Incident Response - Preparation
Developing IR plan, training team, establishing communication channels, acquiring tools, conducting tabletop exercises before an incident occurs.
Incident Response - Identification
Detecting and confirming an incident has occurred. Sources - SIEM alerts, user reports, threat intelligence. Determine scope and type of incident.
Incident Response - Containment
Limiting the spread and impact of the incident. Short-term - isolate affected systems. Long-term - patch vulnerabilities. Balance containment with preserving evidence.
Incident Response - Eradication
Removing the threat from the environment. Delete malware, close vulnerabilities, remove attacker persistence mechanisms. Verify threat is fully removed before recovery.
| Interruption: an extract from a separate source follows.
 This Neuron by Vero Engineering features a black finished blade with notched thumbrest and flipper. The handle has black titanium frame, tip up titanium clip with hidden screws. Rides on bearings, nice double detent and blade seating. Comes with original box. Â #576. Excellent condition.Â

Incident Response - Recovery
Restoring systems to normal operation from clean backups. Verify systems are clean. Monitor closely for recurrence. May be gradual rollback of containment measures.
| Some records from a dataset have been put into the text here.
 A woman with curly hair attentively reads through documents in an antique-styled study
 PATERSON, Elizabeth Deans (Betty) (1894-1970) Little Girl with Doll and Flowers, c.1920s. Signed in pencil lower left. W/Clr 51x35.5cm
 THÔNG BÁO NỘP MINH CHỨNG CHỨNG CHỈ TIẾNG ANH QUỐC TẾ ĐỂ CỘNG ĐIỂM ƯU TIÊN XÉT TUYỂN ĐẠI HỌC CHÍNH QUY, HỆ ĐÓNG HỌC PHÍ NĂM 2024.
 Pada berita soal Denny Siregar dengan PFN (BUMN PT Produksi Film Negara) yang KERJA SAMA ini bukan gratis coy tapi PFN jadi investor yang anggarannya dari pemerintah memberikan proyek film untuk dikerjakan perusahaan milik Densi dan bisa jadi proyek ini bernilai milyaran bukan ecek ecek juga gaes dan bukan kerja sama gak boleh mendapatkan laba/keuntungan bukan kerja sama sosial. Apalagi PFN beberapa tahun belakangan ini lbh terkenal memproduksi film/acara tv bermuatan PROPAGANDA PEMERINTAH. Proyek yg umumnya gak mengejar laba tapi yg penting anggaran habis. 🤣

Incident Response - Lessons Learned
Post-incident review documenting what happened, what worked, what failed, and how to improve. Must occur promptly while details are fresh. Updates IR plan and controls.
Digital Forensics
Collection and analysis of digital evidence following proper procedures to maintain admissibility in legal proceedings. Must preserve evidence integrity using chain of custody.
Chain of Custody
Documentation tracking who had access to evidence, when, and what was done with it. Maintains evidence integrity. Breaks in chain of custody can make evidence inadmissible.
Order of Volatility
Priority for collecting digital evidence from most to least volatile. Registers/cache - RAM - Swap/page file - Hard disk - Remote logging - Archival media. Collect most volatile first as it disappears fastest.
Log Analysis
Reviewing system, application, and security logs to identify anomalies, trace attacks, and support investigations. Key logs - authentication logs, firewall logs, web server logs, system event logs.
Threat Hunting
Proactively searching for hidden threats that have evaded automated detection. Hypothesis-driven. Uses threat intelligence, analytics, and manual investigation. Assumes breach mentality.
Threat Intelligence
Information about current and emerging threats. Used to improve detection and defence. Sources - ISACs, vendor feeds, dark web monitoring, government agencies (CISA).
Sandboxing
Executing suspicious code in an isolated environment to observe behaviour without risk to production systems. Used for malware analysis and application testing.
Automation and Orchestration
Using scripts and tools to automate repetitive security tasks. Benefits - faster response, consistency, scalability, reduces human error. Risks - automated response may cause unintended consequences.